Dans la police et dans la gendarmerie, ce n’est pas tout à fait vrai, car le cheval et le chien ne sont pas des animaux de compagnie mais plutôt des « collaborateurs » à quatre pattes.

Et en cherchant à me documenter sur le sujet, je suis tombé sur un personnage original : un commissaire divisionnaire qui s’est réorienté vers l’enseignement, puisqu’il est aujourd’hui professeur à Paris VIII, et qu’il a créé une école d’équitation destinée à former des jeunes « qui se cherchent ».

Philippe Vénère, puisque c’est de lui qu’il s’agit, est un policier un rien atypique. 37 ans de police, dont 6 comme gardien de la paix. C’est lui, par exemple, qui a ouvert les portes de la 1ère DPJ (division de police judiciaire) de la rue de Courcelles, à Paris, à Bertrand Tavernier, afin qu’il puisse s’inspirer de ces locaux de police particulièrement repoussants pour tourner L.627, film qui a attiré l’attention sur les conditions de travail des policiers.

C’est lui également, alors qu’il dirigeait la 4ème BT (brigade territoriale), en 1984, qui a reçu la mission impossible d’évacuer le squat de « l’îlot Chalon ». Une sorte de cour des miracles qui était devenue un véritable centre commercial de la drogue.

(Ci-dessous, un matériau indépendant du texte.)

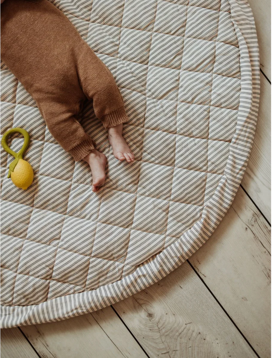 Gemaakt van GOTS-gecertificeerd biologisch katoen en zacht gewatteerd met GRS-gecertificeerd gerecycled PET, is het veilig voor je baby en vriendelijk voor de planeet. Met een royale diameter van 120 cm biedt het volop ruimte en comfort om te spelen. De 2 cm dikke vulling zorgt voor extra zachtheid en ondersteuning, ideaal thuis of onderweg.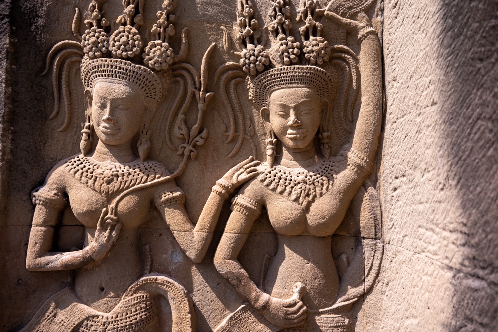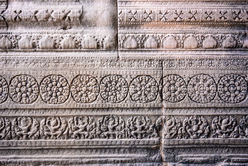 1, Angkor Wat: Angkor Wat a világ legnagyobb vallási célú épülete, mely feltehetően 50 000 munkás, 5000 szobrász és kőfaragó harminc évi munkájával készült el. Angkor Wat a khmer kultúra, művészetek aranykorának minden kincsében bővelkedik. II. Szurjavarmant a hinduizmusban gyökerező hit vezérelte Angkor Wat megépítésében, hogy majd halála után Visnu istenhez térhessen meg. Angkor Wat minden külső és belső építménye a hindu vallás szimbólumaira utal. II.Szurjavarman király halála után a templom hamar romlásnak indult, mind a természet, mind pedig az emberi rongálás nyomait láthatjuk rajta. 1177-ben Angkort megszállták és megrongálták a vietnámi csamok, így ekkor a fővárost is odébb helyezték egy másik templomban és a buddhista vallásra tértek át.

On raconte, qu’au flan, il a demandé 1000 hommes. Accordé, a répondu le préfet de police. Et cette opération casse-gueule, et forcément impopulaire, s’est déroulée sans bobo.

Donc, en 1999, avec un officier de l’armée de l’Air, Gilbert La Sala, il fonde l’École des gardes à cheval de Soissons, destinée à former des jeunes qui veulent concilier leur métier et leur passion pour le cheval. « Aujourd’hui, 85% de nos stagiaires sont placés dès la sortie de la formation », dit-il. Les débouchés : gardes-vert, gphilippe-venere_france5.1275299583.jpgardes-chasse, gardes forestiers, et même des sociétés de surveillance qui parfois font appel à des cavaliers. À noter que la gendarmerie nationale recrute des gendarmes adjoints à cheval.

Sinon, pour la police nationale ou municipale et pour la gendarmerie, notamment la Garde républicaine, il faut d’abord passer le concours commun à tous les candidats.

De par le monde, de très grandes villes sont dotées d’une police montée. En France, on semble un peu en retrait. Pourtant, l’idée fait son chemin auprès de certains maires et l’on commence ici ou là à voir apparaître des brigades équestres.

Le policier ou gendarme à cheval présente plusieurs avantages. D’abord, par sa situation dominante, il a une vision étendue. Ensuite, il peut crapahuter dans les espaces verts ou sur des chemins impraticables pour des engins motorisés.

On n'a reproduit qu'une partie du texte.